Bookgab: Words in Deep Blue by Cath Crowley

by - May 16, 2018

Cath Crowley's Words in Deep Blue is a moving modern-day love letter to literature. I honestly fell in love with the book after chapter two once I realised that the beauty of her prose effortlessly found its way onto every single page. There were so many quotable sections of this book that I practically took pictures of all the pages. I would have highlighted sections or underlined sentences like the people who visited the Letter Library we hear of in the story, but I simply couldn't waste time doing that when all I wanted to do was get to the next page. I can't remember the last time a contemporary novel gripped me as much as WIDB, and I don't think I'll find another like this anytime soon.

Words in Deep Blue is a story about a girl named Rachel who has her world completely turned upside down after she loses her younger brother Cal in a drowning accident.
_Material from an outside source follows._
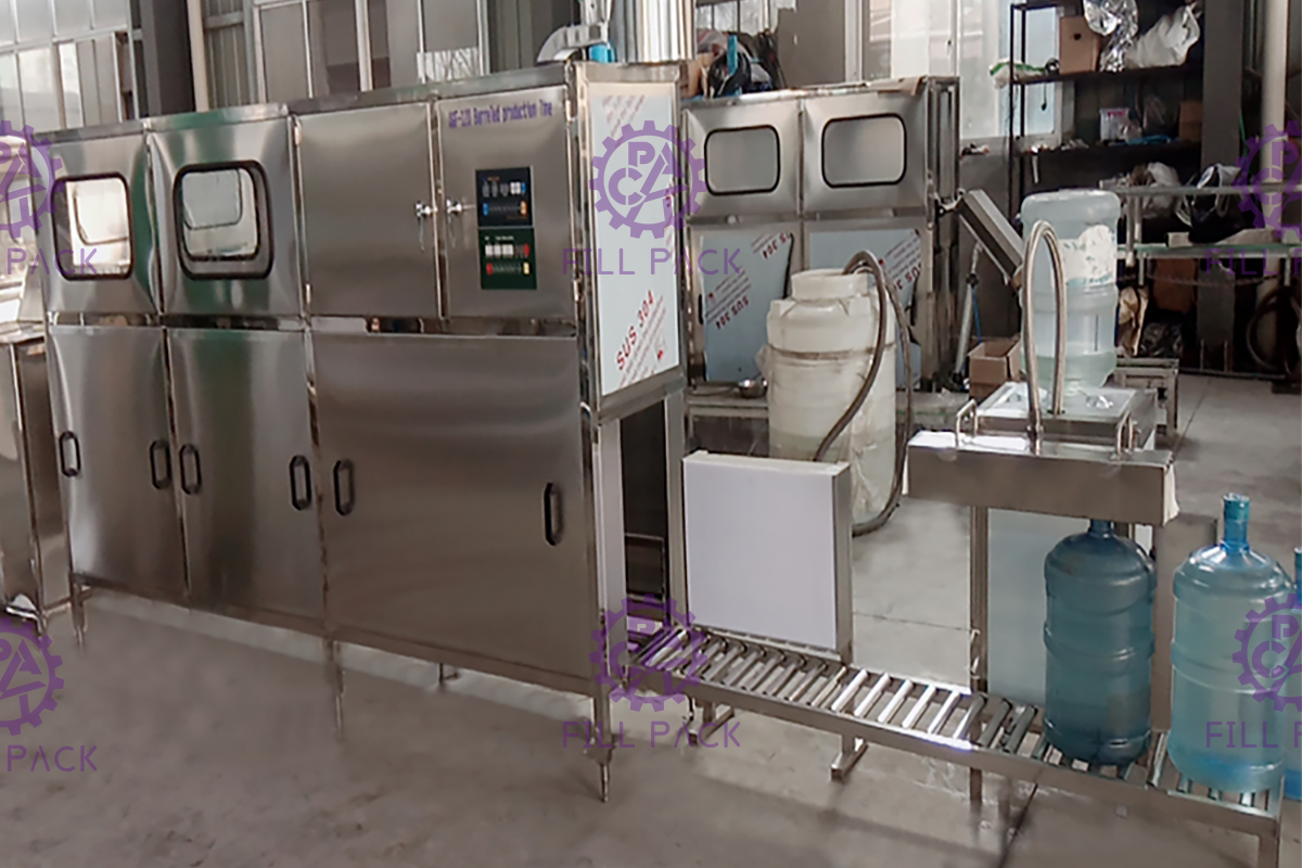 Toda la planta de embotellado de agua de 5 galones incluye un desembotellador y una lavadora semiautomáticos, un enjuagador-rellenador-embotellador monobloque, un transportador de rodillos, un túnel de contracción de etiquetas, una luz de verificación, una máquina de codificación de rollos de tinta sólida

Her grief forces her to move back to the town and the boy, Henry, she left behind three years ago. Once back, she's forced to work alongside Henry, who used to be her best friend, in his family's second-hand bookstore, Howling Books, cataloging the thoughts of grief, love, happiness, and even anger of strangers found in the letter library.

WIDB is the kind of story that you return to on days where you feel like you've lost your love for words because every page of it reminds us why we think of books as treasures and why we rarely ever let go of the stories that we've read. As much as the book follows a narrative surrounding unrequited love and the ache that follows once love is taken away from us prematurely, the story also made room for a narrative about strangers and the ways in which the words of strangers connect us all who come into contact with them.

Whether we are hopeless romantics blinded by shallow beauty like Henry, or broken down shells of people like Rachel, WIDB reminds us that those stages of being are ever changing and that the more we live, the more we grow past the people that we want to be and instead evolve into what we need to be. As Cath lists different novel titles and the ways in which those stories affected the characters in the novel it becomes more apparent that the things that we say have just as much, maybe even more of an impact than what we'd like to believe.

Every single character in the novel was fleshed out, the plot, although simple, kept me turning page after page without any need to stop, and the prose made me think of poetry because of the amount of love and effort that was put into each page.

If books are important to you, and if the lives that follow once a book is finished is of any interest to you then you most definitely should pick up Words in Deep Blue. I recommend it to readers of all ages and backgrounds and I'll most probably read it again before the year is over. Cath made the experience such a treat and the literary Easter eggs found all throughout made me feel like I was a kid again falling in love with reading for the very first time.

Thank you so very much to the Pan Macmillan Publishing team for providing me with this review copy. All thoughts are my own.